学校とは回っているコマのようなもの。いつも、同じ位置に真っ直ぐ立って回り続けている。紐を持つのが生徒で、コマが失速して倒れないように、一生懸命叩いて努力する。生徒はどんどん変わり、紐は次の生徒たちに受け継がれる。このコマの回り方が、それぞれの学校の個性と伝統なのだ。

主たる登場人物は、転校生の津村紗世子、花宮雅子、関根秋(しゅう)、唐沢由紀夫。彼らは高校三年生(関根秋の姉は、「図書室の海 」の夏)。受験という「祭り」を控えた高校三年のこの一年に、小夜子というもう一つの「祭り」が重なる。
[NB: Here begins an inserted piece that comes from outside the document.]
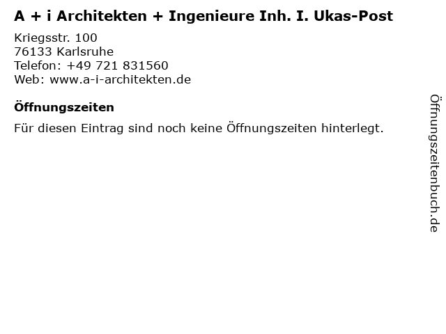 Branchen & Suchbegriffe zu A + i Architekten + Ingenieure Inh. I. Ukas-Post:architekten, i., ingenieure, post, ukas |

津村紗世子は顔よし、スタイルよし、頭よし、運動神経よしと、ほぼパーフェクトな転校生。人身掌握の術だって大したもの。地方の進学校に三年生で転校してくる生徒は、とても珍しい存在。出来すぎの『謎の転校生』を迎えて、サヨコ・システムが発動した、この一年間の緊張感は否応なしに高まる。

サヨコ・システムの決まりによって上演される学園祭の芝居において、その緊張感はクライマックスを迎える。諸事情で行われない年があって、芝居が行われるのは、実に9年ぶり。芝居のタイトルは「六番目の小夜子」。暗闇の中で行われるこの芝居、読んでいるこちらにもその緊迫感が伝わってくる。

おおよその謎が解き明かされるラストを読んでも、何だか割り切れないものが残る。直截的に「怖い」小説ではないのだけれど、これは解説の綾辻行人氏も書いておられる通り、「魅力的なホラー小説」だった。

恩田 陸
六番目の小夜子

この本は、普通とは逆の道を辿っている。新潮文庫ファンタジーノベル・シリーズの一冊として刊行され、その後、文庫版を大幅改稿して単行本が刊行されたそうだ。私は単行本を読んだのだけれど、文庫版とはどう異なっているのだろうか。